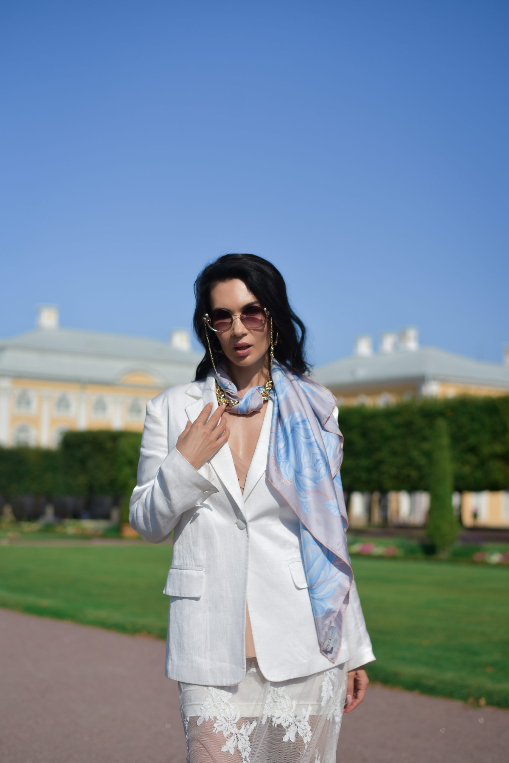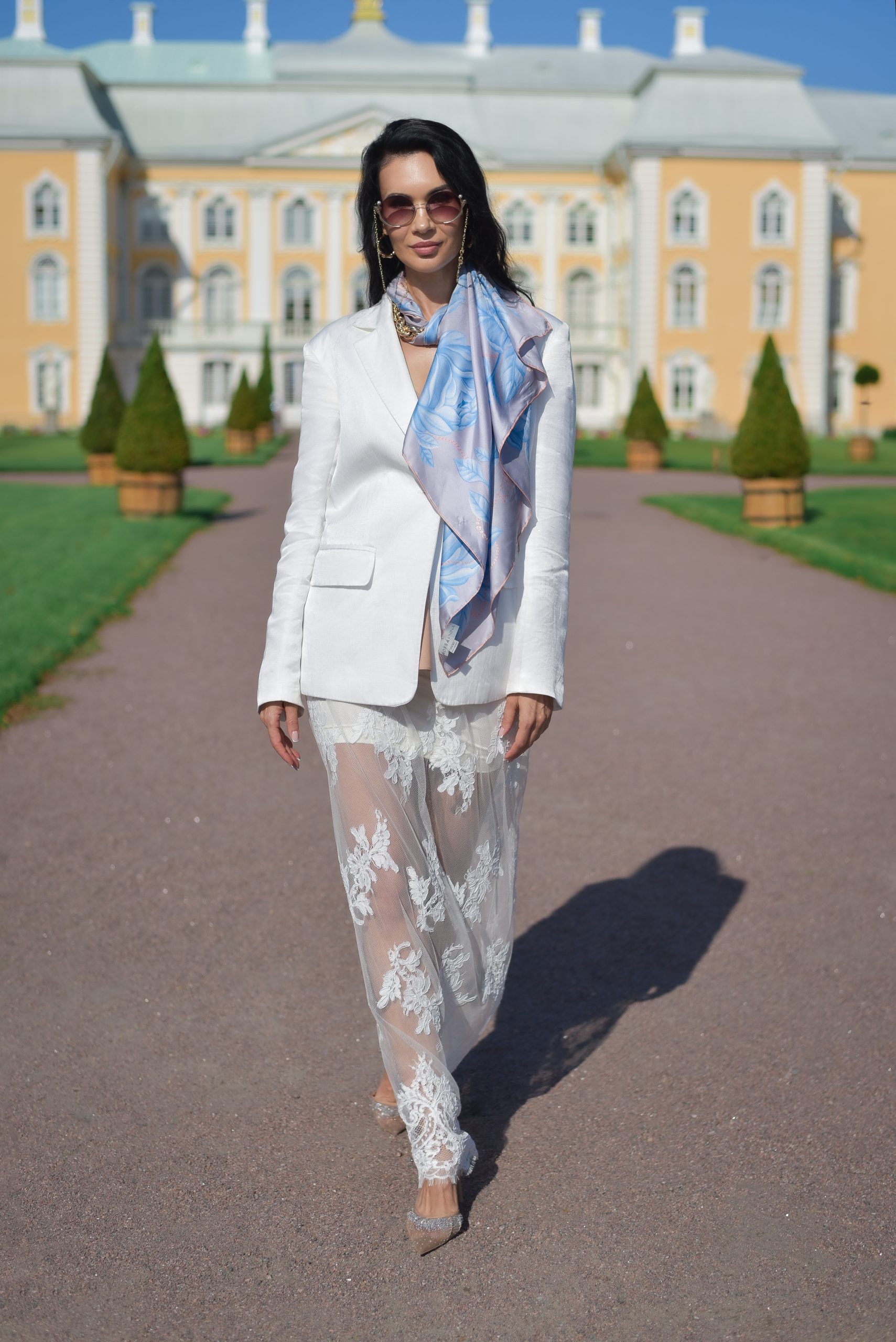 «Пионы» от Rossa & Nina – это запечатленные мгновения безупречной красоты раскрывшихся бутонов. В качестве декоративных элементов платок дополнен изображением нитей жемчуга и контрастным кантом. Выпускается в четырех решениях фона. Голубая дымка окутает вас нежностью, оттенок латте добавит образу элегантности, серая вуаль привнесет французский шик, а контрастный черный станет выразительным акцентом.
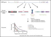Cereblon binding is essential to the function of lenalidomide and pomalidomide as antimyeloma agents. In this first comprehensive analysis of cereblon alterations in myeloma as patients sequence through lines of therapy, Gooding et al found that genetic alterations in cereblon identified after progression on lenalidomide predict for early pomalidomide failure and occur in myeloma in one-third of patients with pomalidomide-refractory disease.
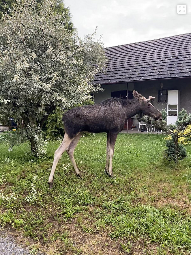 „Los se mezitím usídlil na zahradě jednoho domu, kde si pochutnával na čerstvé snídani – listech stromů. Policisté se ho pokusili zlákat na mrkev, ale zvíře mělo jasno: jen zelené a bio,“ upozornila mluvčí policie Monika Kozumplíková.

[PROBLEM DETAILS] Where a picture appears in the listing above, skip it and set down all the rest exactly.

[SOLVED EXERCISE]
 «Пионы» от Rossa & Nina – это запечатленные мгновения безупречной красоты раскрывшихся бутонов. В качестве декоративных элементов платок дополнен изображением нитей жемчуга и контрастным кантом. Выпускается в четырех решениях фона. Голубая дымка окутает вас нежностью, оттенок латте добавит образу элегантности, серая вуаль привнесет французский шик, а контрастный черный станет выразительным акцентом.
Cereblon binding is essential to the function of lenalidomide and pomalidomide as antimyeloma agents. In this first comprehensive analysis of cereblon alterations in myeloma as patients sequence through lines of therapy, Gooding et al found that genetic alterations in cereblon identified after progression on lenalidomide predict for early pomalidomide failure and occur in myeloma in one-third of patients with pomalidomide-refractory disease.
 „Los se mezitím usídlil na zahradě jednoho domu, kde si pochutnával na čerstvé snídani – listech stromů. Policisté se ho pokusili zlákat na mrkev, ale zvíře mělo jasno: jen zelené a bio,“ upozornila mluvčí policie Monika Kozumplíková.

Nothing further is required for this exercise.